A different Tottenham on the horizon
Vicario’s own future has been the subject of speculation, with talk of a return to Italy and interest from Inter Milan. For now, his focus is recovery and what comes next under De Zerbi.
He is not fully fit yet – “not 100 per cent fit but in a better place” – but the surgery is behind him and the outlook is clear.
He is “confident and I have a break now to be ready for next season”. And he is convinced Spurs fans have every reason to look ahead with anticipation, not anxiety.
“Yeah of course we are [excited]. Roberto has been massively important for us. He changed everything. He changed all the mood, all the vibes, all the football as well, because we needed also the football on the pitch because we were struggling to play good football,” Vicario said.
De Zerbi’s reputation is built on his attacking patterns, his bold possession play, his insistence on brave football in tight spaces. Yet what struck Vicario most was what happened when Spurs did not have the ball.
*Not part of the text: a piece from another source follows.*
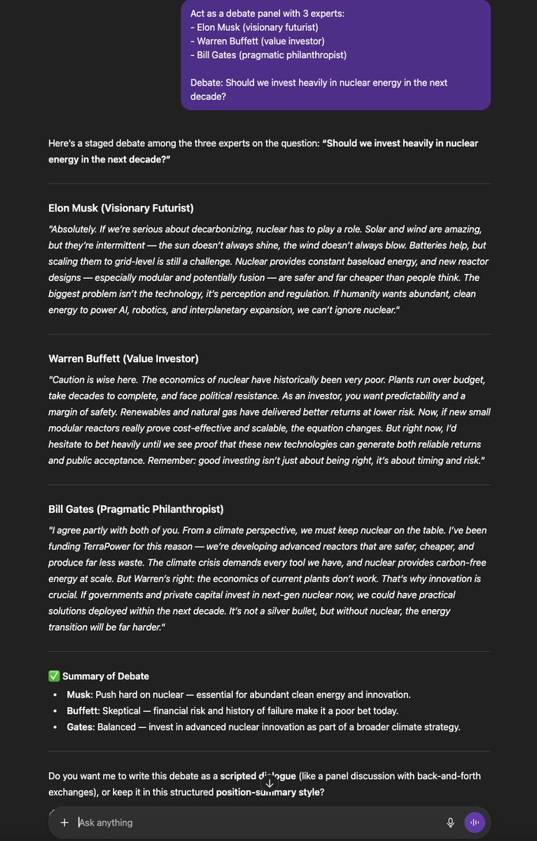 Act as a debate panel with 3 experts: a skeptic, an optimist, and a pragmatist.
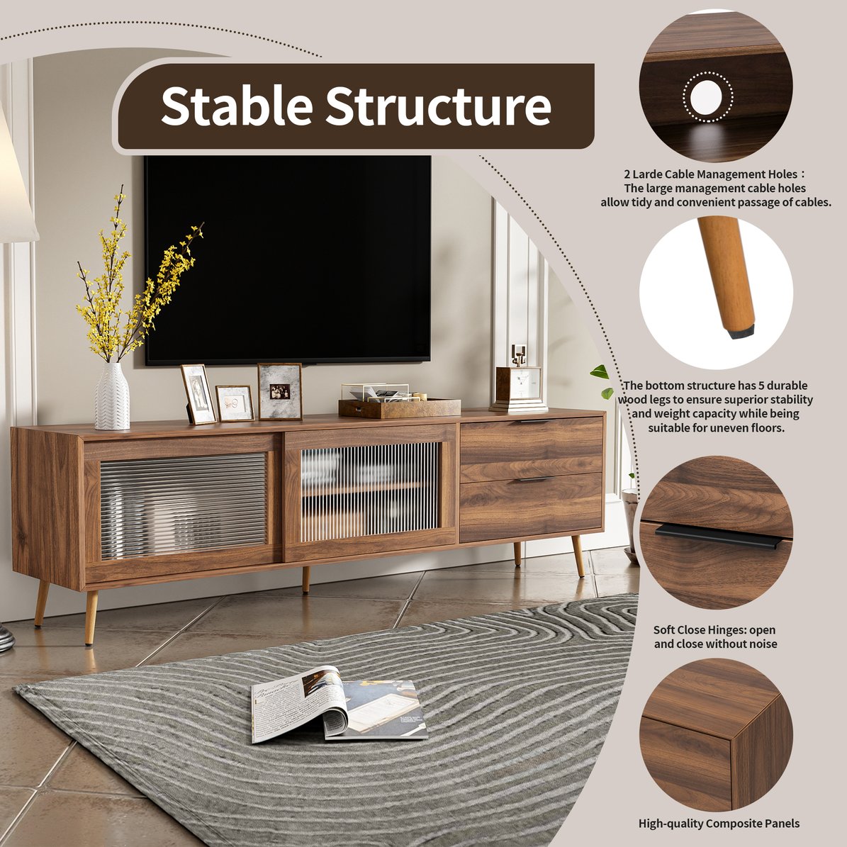 - Materials & finish: High-quality MDF cabinet with a walnut veneer finish and solid wood legs for stable support and natural wood grain appeal.

“He is probably known very well for the football he wants to play but also the defensive phase since he came in has been unbelievably good,” he pointed out. Against Everton, with everything on the line, Spurs were solid, controlled, almost serene.
“[Against Everton] we conceded just one shot where Toni did this big save at the end of the match but for 95 minutes we didn't concede any shots. Both on the ball and off the ball I think he did an unbelievable job.”
That did not happen by accident. It came from buy-in.
“Also the boys, everyone who was playing or not playing followed him in a great way,” Vicario said. “That is of course the credit he deserves, and I can say without him this result would not have been possible. I want to thank him from the bottom of my heart because we were suffering a lot and he gave us a lot of joy in every aspect.”
From suffering to joy. From fear of the drop to talk of “a different Tottenham Hotspur”.
The great unknown now is not whether Spurs belong in the Premier League. It is how far De Zerbi can push a group of players who have just discovered how powerful survival can feel.